Producers fall into roughly 5 buckets, ordered from best to hardest to parse. “Vector tables” beneath means tables drawn as native strains + textual content (the cells survive as knowledge); the alternative is a desk flattened right into a single picture (solely OCR can get well the cells).

Workplace authoring instruments (best). Microsoft Phrase, PowerPoint, LibreOffice (Author / Impress), OpenOffice, Google Docs and Slides exports, Apple Pages and Keynote. They protect logical construction (headings, lists, paragraphs) with native vector fonts. Direct textual content extraction works effectively, studying order is dependable, tables are normally vector tables. The majority of “workplace paperwork” you’ll see in an enterprise corpus.
Doc processors. LaTeX engines (pdfTeX, XeTeX, LuaTeX), Pandoc, Quarto, R Markdown, ReportLab, WeasyPrint. Glorious textual content constancy however with their very own quirks: hyphenation breaks phrases throughout strains, math is rendered as vector paths or photographs (not extractable textual content), references and citations have uncommon spacing. Tables are vector tables more often than not.
Design and publishing instruments.
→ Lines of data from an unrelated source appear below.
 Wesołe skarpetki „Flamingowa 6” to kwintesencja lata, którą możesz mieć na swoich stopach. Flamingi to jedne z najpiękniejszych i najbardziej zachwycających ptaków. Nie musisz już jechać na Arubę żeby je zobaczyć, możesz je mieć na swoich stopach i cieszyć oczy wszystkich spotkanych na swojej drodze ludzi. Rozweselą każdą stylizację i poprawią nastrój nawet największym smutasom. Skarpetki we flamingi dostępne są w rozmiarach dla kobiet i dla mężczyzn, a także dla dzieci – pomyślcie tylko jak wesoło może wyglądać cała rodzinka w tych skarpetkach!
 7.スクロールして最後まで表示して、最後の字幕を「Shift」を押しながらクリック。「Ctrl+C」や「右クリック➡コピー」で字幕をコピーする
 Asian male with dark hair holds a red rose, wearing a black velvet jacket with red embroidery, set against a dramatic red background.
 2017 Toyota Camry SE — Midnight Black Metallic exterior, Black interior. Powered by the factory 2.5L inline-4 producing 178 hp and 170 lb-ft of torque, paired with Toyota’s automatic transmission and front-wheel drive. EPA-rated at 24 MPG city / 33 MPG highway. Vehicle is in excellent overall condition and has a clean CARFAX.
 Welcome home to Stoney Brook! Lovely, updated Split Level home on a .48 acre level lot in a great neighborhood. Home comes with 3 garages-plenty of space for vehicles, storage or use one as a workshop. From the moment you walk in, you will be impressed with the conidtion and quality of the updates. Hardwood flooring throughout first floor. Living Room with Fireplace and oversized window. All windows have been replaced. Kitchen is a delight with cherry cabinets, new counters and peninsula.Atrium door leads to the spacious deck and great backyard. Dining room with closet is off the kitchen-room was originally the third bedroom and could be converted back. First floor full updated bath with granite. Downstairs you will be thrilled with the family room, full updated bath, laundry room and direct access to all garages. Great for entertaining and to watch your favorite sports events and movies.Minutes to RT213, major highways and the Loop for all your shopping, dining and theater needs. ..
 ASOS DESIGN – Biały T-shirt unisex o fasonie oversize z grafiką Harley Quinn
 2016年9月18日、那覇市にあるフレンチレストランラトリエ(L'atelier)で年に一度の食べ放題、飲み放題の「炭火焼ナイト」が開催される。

Adobe InDesign, Illustrator, QuarkXPress, Affinity Writer. Multi-column circulate with messy studying order. PyMuPDF usually will get studying order mistaken on dense layouts. Tables could be drawn as vector graphics slightly than vector tables. Captions, sidebars, and ornamental parts complicate parsing. Count on to escalate to a layout-aware parser on dense layouts.
Print pipelines and recompressors. Browser print (Chrome, Safari, Firefox), OS print-to-PDF dialogs, Ghostscript, qpdf, distiller-class instruments. Combined high quality. Browser-printed PDFs protect textual content however lose hyperlinks and bookmarks. Ghostscript and qpdf usually cross the content material by means of however overwrite the upstream Producer area, so the unique sign is gone. That’s why the helper exposes each creator_raw and producer_raw.
Scanner software program and seize apps (hardest). Kofax, ABBYY, Adobe Scan, ScanSnap, CamScanner, fax pipelines. Pure picture, no native textual content. OCR necessary. CamScanner-class apps add image-quality points (skew, low decision, JPEG artefacts) on high.
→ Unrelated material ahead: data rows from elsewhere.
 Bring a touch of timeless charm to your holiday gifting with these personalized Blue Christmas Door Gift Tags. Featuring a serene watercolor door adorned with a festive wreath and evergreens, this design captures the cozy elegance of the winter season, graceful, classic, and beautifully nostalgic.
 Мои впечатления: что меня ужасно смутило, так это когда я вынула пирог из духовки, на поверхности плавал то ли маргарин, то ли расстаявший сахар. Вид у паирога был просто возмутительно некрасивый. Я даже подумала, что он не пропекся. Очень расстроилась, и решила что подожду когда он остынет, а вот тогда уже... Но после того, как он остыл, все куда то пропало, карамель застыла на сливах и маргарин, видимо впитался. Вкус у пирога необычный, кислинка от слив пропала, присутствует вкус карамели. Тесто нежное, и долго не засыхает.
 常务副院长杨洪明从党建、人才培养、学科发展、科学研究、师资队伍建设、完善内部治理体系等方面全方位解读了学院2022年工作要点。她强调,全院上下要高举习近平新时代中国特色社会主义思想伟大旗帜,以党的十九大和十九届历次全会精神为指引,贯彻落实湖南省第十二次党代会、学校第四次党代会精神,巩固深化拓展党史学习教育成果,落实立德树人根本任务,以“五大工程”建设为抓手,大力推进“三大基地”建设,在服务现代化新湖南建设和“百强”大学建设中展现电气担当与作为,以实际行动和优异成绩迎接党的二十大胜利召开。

def detect_source_software(doc: fitz.Doc) -> str:
    """Classify the manufacturing software program utilizing Creator/Producer metadata."""
    meta = doc.metadata or {}
    mixed = f"{(meta.get('creator') or '').decrease()} {(meta.get('producer') or '').decrease()}"

    # Bucket 1 — workplace authoring instruments
    if "microsoft" in mixed and "phrase" in mixed: return "word_export"
    if "pdfmaker" in mixed and "phrase" in mixed: return "word_export"
    if "powerpoint" in mixed: return "powerpoint_export"
    if any(s in mixed for s in ("libreoffice", "openoffice")): return "libreoffice_export"
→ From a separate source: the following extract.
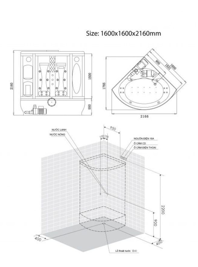 Có hệ thống bảng điều khiển kỹ thuật số, FM radio, Loa, Kệ đựng đồ, Quạt thông gió, Gương soi, Thanh treo khăn tắm, Hệ thống thu nước ở đáy.
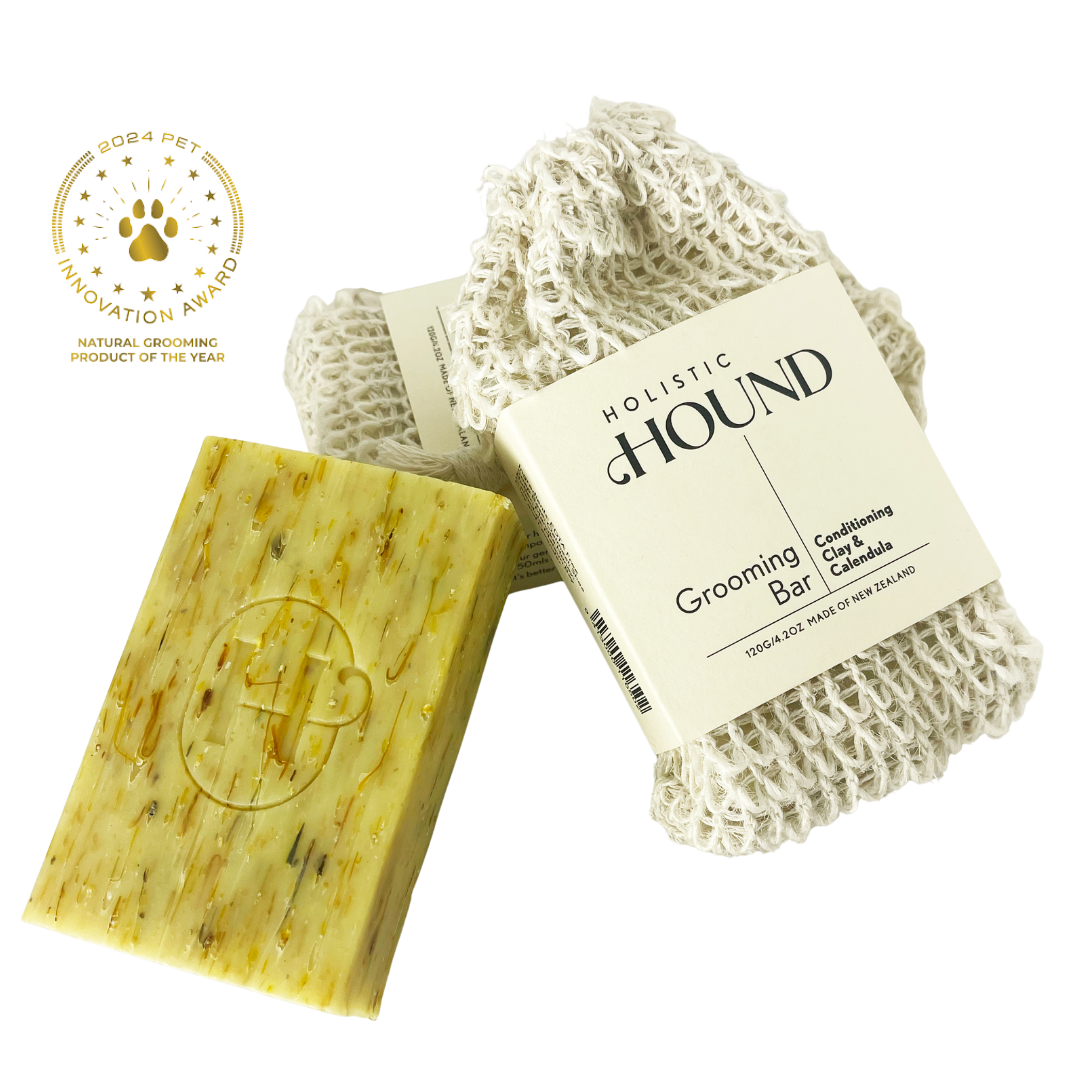 Give your hound the love they deserve with our gentle Grooming Bar, a natural blend designed for all fur types. Infused with Matauri Bay Clay, Shea Butter, Manuka Honey, and Calendula, it lifts dirt and odours while soothing itchy skin and hot spots, leaving your pup refreshed, relaxed, and smelling wonderful.

    # Bucket 2 — doc processors
    if any(s in mixed for s in ("pdftex", "xetex", "luatex")): return "latex_export"
    if "pandoc" in mixed: return "pandoc_export"

    # Bucket 3 — design and publishing instruments
    if "indesign" in mixed: return "indesign_export"

    # Bucket 4 — print pipelines and recompressors
    if "ghostscript" in mixed: return "ghostscript"
    if any(s in mixed for s in ("chrome", "safari", "firefox")): return "browser_print"

    # Bucket 5 — scanner software program (OCR necessary)
    if any(s in mixed for s in ("kofax", "abbyy", "adobe scan", "scansnap", "camscanner")):
        return "scanner_software"

    return "unknown_source"

The detection is imperfect: a Phrase PDF re-distilled by means of Ghostscript could have its Producer overwritten, and uncommon producers fall into unknown_source. On a combined corpus of papers, scanned contracts, browser-printed studies, and Workplace exports, roughly 9 PDFs out of ten land in the best bucket on first learn. Sufficient to drive routing. We expose each the inferred source_software label and the uncooked creator_raw / producer_raw strings so downstream guidelines can compensate when wanted.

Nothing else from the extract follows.